システム開発者からみた福島第一原発と東京電力のこと

福島原発東京電力も日本も大変な状態になっている。

私はシステム開発を生業にしているので、その立場で感じたことを書いておこうと思う。
前もって言っておくと、他のどんな意見も批判するものではないし、擁護するものでもない。

東電はおそらく SIer に近い。システムを実際に開発するのに当たる下請け企業が沢山いることだろう。
建物を設計したり、材料を作ったり、実際に建物を立てたりが、システムを開発している所に当たる。

開発のマネジメント全般を受け持つのが東京電力(実際に知っているわけではないので、間違っている可能性は大いにある)。

今回の福島原発の件はシステムのバグの様に感じる。
システムでバグが発生し、データの回復に務めているのが今の状態。
もう、それこそ色々な人を巻き込みつつ。
バグの改修が完了するのはいつの日か、という感じである(もうシステムそのものを破棄する予定だろうが)。
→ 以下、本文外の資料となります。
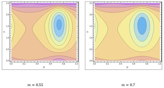 In peristaltic propulsive flows, trapping is a rare phenomenon. It starts with the formation of a fluid mass that moves internally and is encircled by peristaltic wave streamlines. Using peristaltic waves with high rates of flow and substantial occlusions, streamlines catch the mass of fluid and propel it along. To study the phenomenon of trapping, Figure 8, Figure 9 and Figure 10 were plotted. The streamlines for the discrete values of are represented in Figure 8, which shows that with the enhanced values of , the number and size of the trapped masses increased, while they decreased with increasing values of (Figure 9). The streamlines for the different wave forms are shown in Figure 10. A comparison between this work and others in the available literature is presented in Table 1. It was noted that our results agreed with the results for viscous fluid and those of Bég and Tripathi [37].

東京電力の方々は「想定外だった」とおっしゃっていたようだ(私が実際に聞いたわけではない)。
東京電力は、電力を供給するというシステムを開発し、電力を供給するというサービスを展開している。
そして、そのシステムが内包するリスクは多大なものだ。

この「想定外」は、システムで障害が起こった場合によく聞くセリフ。
例)そんな使い方は想定外だった。
うん、そうだよね、わかる、わかるよその気持。

しかし「システムによっては、あらゆるバグを想定しなければいけないのでは?」という気持ちのほうが個人的には強い。
そもそもバグなんて想定外のことじゃないか!と思ったりもするが…。
しかしシステム開発をしていて思うのは、本番稼動しているシステムでバグが発生したとき、「この時こうしていれば、バグは発生なかったかも」とか「ああこんな簡単なことを見落としていたなんて」とか「この観点があれば防げたのでは?」と思うことがほとんどなのだ。
「これは想定外!」というのはあまり無いように思う。

システム開発者は、どんなバグが起こり、どんな被害が発生するのか、を想定しなければならない。というか想定するように努める必要がある。
そして、それを利用者に伝える責任が、システムを開発・マネジメントする立場にはある、と思う。
これはシステムが生きている限りは常に責任が伴う。

努力を怠ってはいけないな、と感じた。